::: GIVEN RECORDS
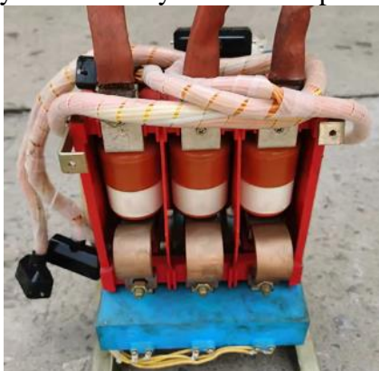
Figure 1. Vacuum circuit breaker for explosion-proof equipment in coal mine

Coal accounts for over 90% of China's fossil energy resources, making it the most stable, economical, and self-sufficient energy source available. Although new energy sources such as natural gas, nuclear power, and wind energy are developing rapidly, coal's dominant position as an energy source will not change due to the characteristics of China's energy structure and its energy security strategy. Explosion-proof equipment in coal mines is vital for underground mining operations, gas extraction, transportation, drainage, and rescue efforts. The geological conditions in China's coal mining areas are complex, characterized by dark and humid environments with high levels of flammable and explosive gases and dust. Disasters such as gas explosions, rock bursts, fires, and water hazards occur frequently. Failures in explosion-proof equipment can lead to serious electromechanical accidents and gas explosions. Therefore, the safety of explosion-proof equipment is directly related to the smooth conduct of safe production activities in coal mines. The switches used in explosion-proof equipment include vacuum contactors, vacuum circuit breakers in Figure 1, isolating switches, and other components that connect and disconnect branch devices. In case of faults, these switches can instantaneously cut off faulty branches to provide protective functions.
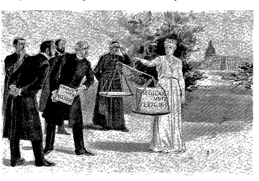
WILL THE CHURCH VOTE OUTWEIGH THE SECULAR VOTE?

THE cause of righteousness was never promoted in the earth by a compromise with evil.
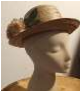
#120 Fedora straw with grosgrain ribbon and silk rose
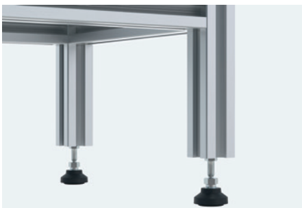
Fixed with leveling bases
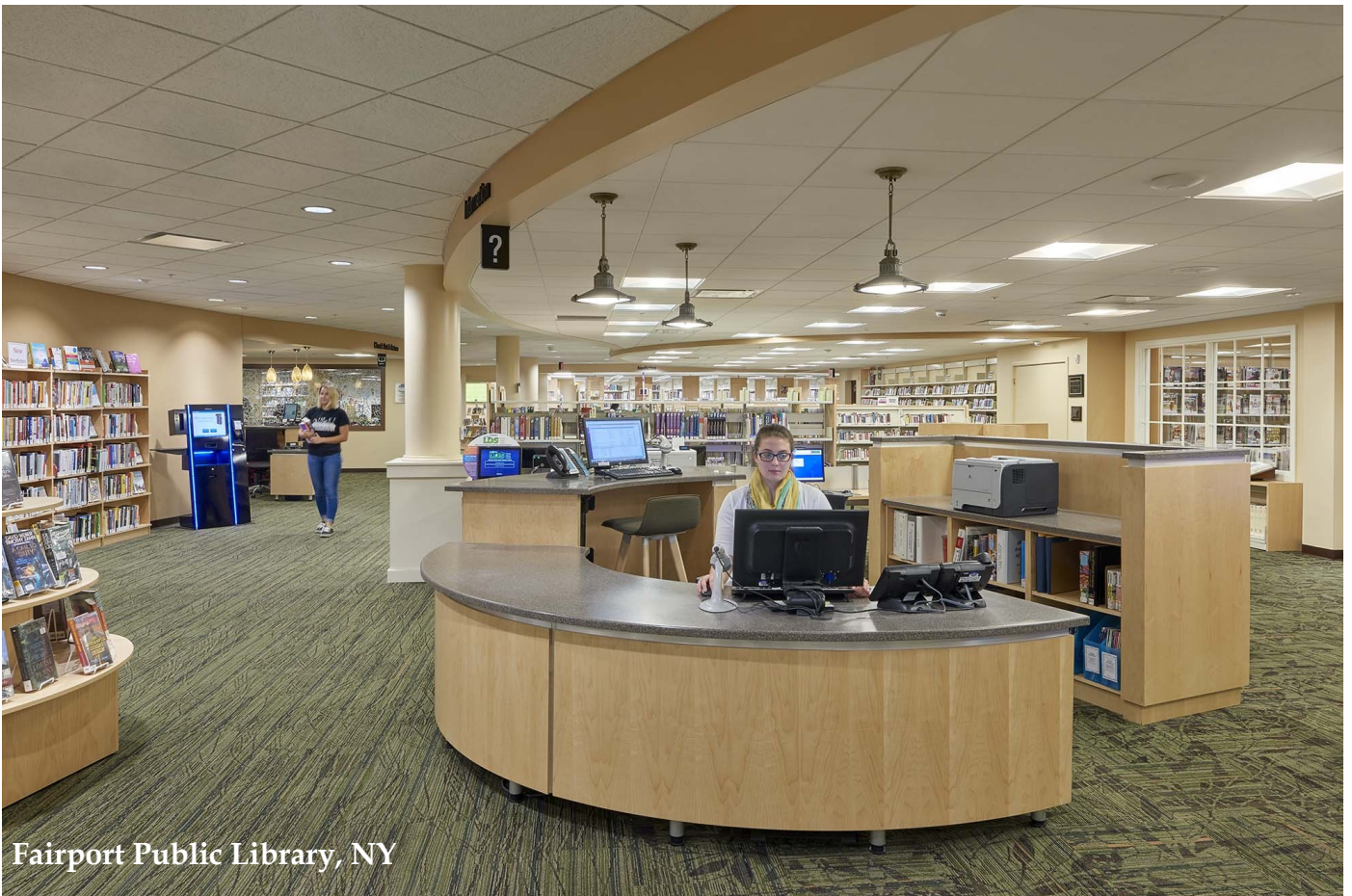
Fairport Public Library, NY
::::::
[ASSIGNED TASK] Output exactly the lines from the one containing "Fixed with leveling bases" through the last line of the records above, both included, and leave out the pictures.

[TASK SOLUTION]
Fixed with leveling bases
Fairport Public Library, NY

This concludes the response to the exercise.